MR. CHIEF JUSTICE GARY and MR. JUSTICE FRASER con

cur.

MR. JUSTICE WATTS, dissenting. I cannot concur in the opinion of Mr. Justice Hydrick. In my ouinion the controlling and crucial point involved in the case is the legal one: Did the executive committee have the right to refer the matters that they did to a subcommittee, which subcommittee was to report back to the executive committee for their action, which was done, and the full executive committee did act? Under a writ of certiorari this Court can only consider the record set up by the executive committee, and on that record only consider questions of law, and not questions of fact, unless their findings are wholly unsupported by the evidence.

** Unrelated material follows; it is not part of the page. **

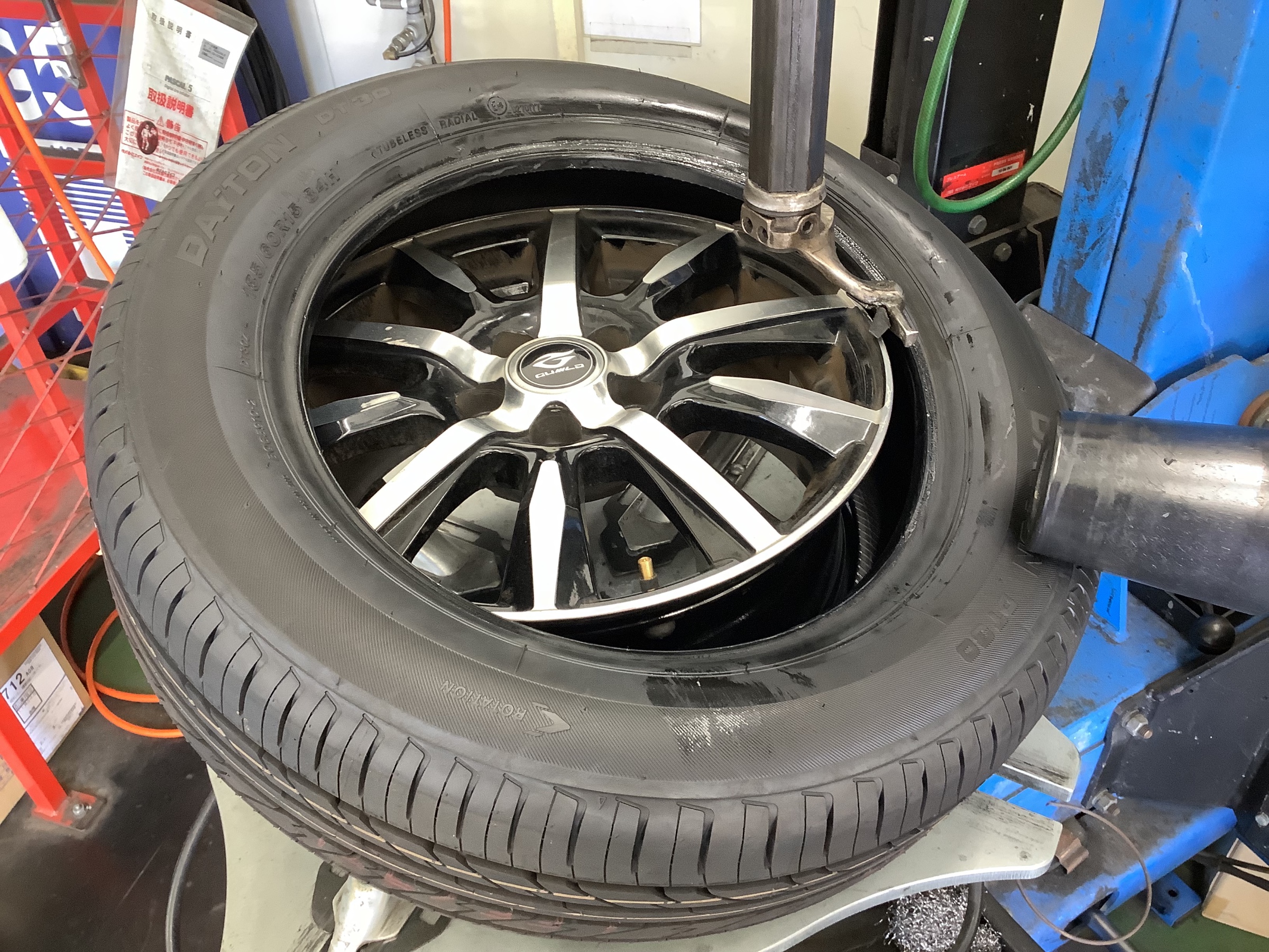 外したタイヤをホイールから外す作業です‼️ (● ˃̶͈̀ロ˂̶͈́)੭ꠥ⁾⁾

The campaign between Mr. Hyde and Mr. Grace was conducted with almost unparalleled and unprecedented bitterness. At the primary over 7,000 votes were cast; 70 votes were challenged and 14 votes are in dispute. The 7,000 voters are not complaining; they are satisfied, apparently, with the result. A primary election cannot be conducted in the same orderly manner that a case is tried in Court. Neither can the executive committee decide a contest as a case is tried. The executive committee have no sheriff to enforce attendance of witnesses and carry out their orders, with the power, if necessary, of summoning a posse comitatus, but have to do the best they can and exercise common sense and follow the usual custom in such matters.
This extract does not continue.